L’équipe de recherche a étudié les défis qui entravent l’accès aux contraceptifs et les raisons qui les sous-tendent, en utilisant une approche mixte avec des données qualitatives et quantitatives. Ils ont mené une enquête par questionnaire en ligne auprès de 186 participants (80 femmes et 106 hommes), pour comprendre les tendances générales en matière d’utilisation des contraceptifs et d’accès aux services de santé reproductive entre juin 2020 et janvier 2021. Pour obtenir des informations plus approfondies, ils ont organisé des discussions de groupe virtuelles avec 24 participants comprenant 10 hommes et 14 femmes. Ces discussions ont mis en lumière des expériences personnelles, des barrières culturelles et plusieurs problèmes spécifiques qui n’ont pas été pris en compte dans l’enquête.
Lors des discussions de groupe, les participants ont discuté de leur accès général aux informations et aux services de santé sexuelle et reproductive au Népal et au Japon, en partageant leurs besoins en matière de contraception, leur utilisation, le soutien de leurs partenaires ou conjoints et les défis rencontrés pour accéder aux services de santé sexuelle et reproductive au Japon. Les réponses issues des discussions ont été analysées à l'aide du cadre 4A (disponibilité, accessibilité, acceptabilité et abordabilité).
L'étude a révélé que les préservatifs étaient la méthode contraceptive la plus utilisée au Népal et au Japon. Cependant, les méthodes contraceptives traditionnelles telles que la méthode du rythme et le retrait étaient répandues au Japon.
De nombreuses participantes ont également apporté des contraceptifs avec elles au Japon, notamment des préservatifs, des contraceptifs oraux et des contraceptifs d’urgence.
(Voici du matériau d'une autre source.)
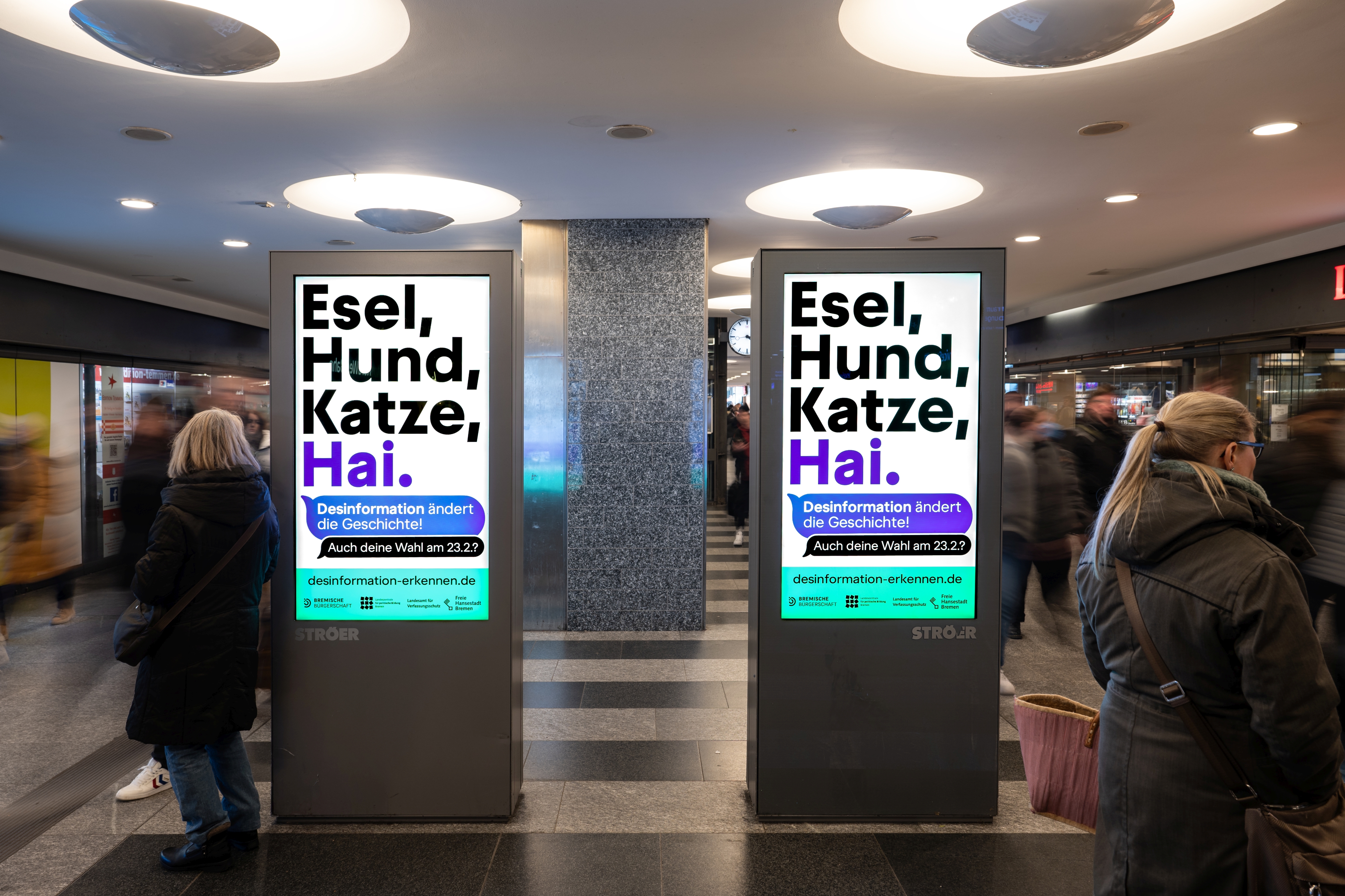 Bürgerschaftspräsidentin Antje Grotheer hat heute (10. Februar) gemeinsam mit dem Leiter des Bremer Landesamtes für Verfassungsschutz, Thorge Koehler, und dem Leiter der Landeszentrale für politische Bildung Bremen, Dr. Thomas Köcher, eine Außenwerbekampagne vorgestellt, die in den kommenden Wochen bis zur Bundestagswahl auf die Gefahren gezielter – häufig aus dem Ausland gesteuerter – Desinformationskampagnen hinweisen soll. Das Medienhaus Ströer unterstützt die Kampagne und spielt das Motiv in digitaler Form auf 57 Screens überall in Bremen und Bremerhaven aus – auf großen Anlagen wie zum Beispiel am Rembertiring oder Am Dobben, ebenso wie auf kleineren Bildschirmen, inklusive derer im Bahnhof und in der Waterfront.

Les raisons les plus courantes étaient la facilité d’obtention des contraceptifs, le coût minime, la gratuité et l’absence de barrière linguistique au Népal. En revanche, les participantes ont souligné la barrière de la langue, le coût plus élevé, le fait de ne pas savoir comment les obtenir, les inquiétudes concernant les effets secondaires, l’absence de couverture d’assurance et la stigmatisation culturelle et sociale comme étant des défis pour accéder aux services de contraception et d’avortement au Japon. En outre, les chercheurs ont souligné que le manque d’options et les coûts élevés de la contraception et de l’avortement sont des problèmes courants auxquels sont confrontées non seulement les femmes migrantes mais aussi les femmes japonaises.
En outre, cette étude a également souligné l'importance d'intégrer l'éducation à la santé sexuelle et reproductive dans la formation préalable au départ au Népal et d'organiser une formation après l'arrivée au Japon. Le professeur Tanaka ajoute : « Des programmes de formation seront élaborés et mis en œuvre sur les services de santé sexuelle et reproductive, notamment sur la contraception disponible au Japon pour les migrants avant et après leur arrivée. Des associations à but non lucratif et des groupes de migrants fourniront des services de sensibilisation et de soutien pour répondre aux besoins des migrants, et les professionnels de santé seront formés pour surmonter les barrières culturelles et linguistiques. » . «
« J’espère que des politiques seront mises en œuvre qui incarnent l’esprit de la couverture sanitaire universelle, garantissant que les services de contraception sont accessibles, abordables et disponibles dans les pays de destination, afin que les migrants voyageant à travers les frontières aient accès aux mêmes services que dans leur pays d’origine.« conclut le professeur Tanaka, plein d'espoir.
Nous espérons que cette étude ouvrira la voie à une réforme des lois et des politiques qui garantissent l’accès universel aux services de santé sexuelle et reproductive dans le monde entier.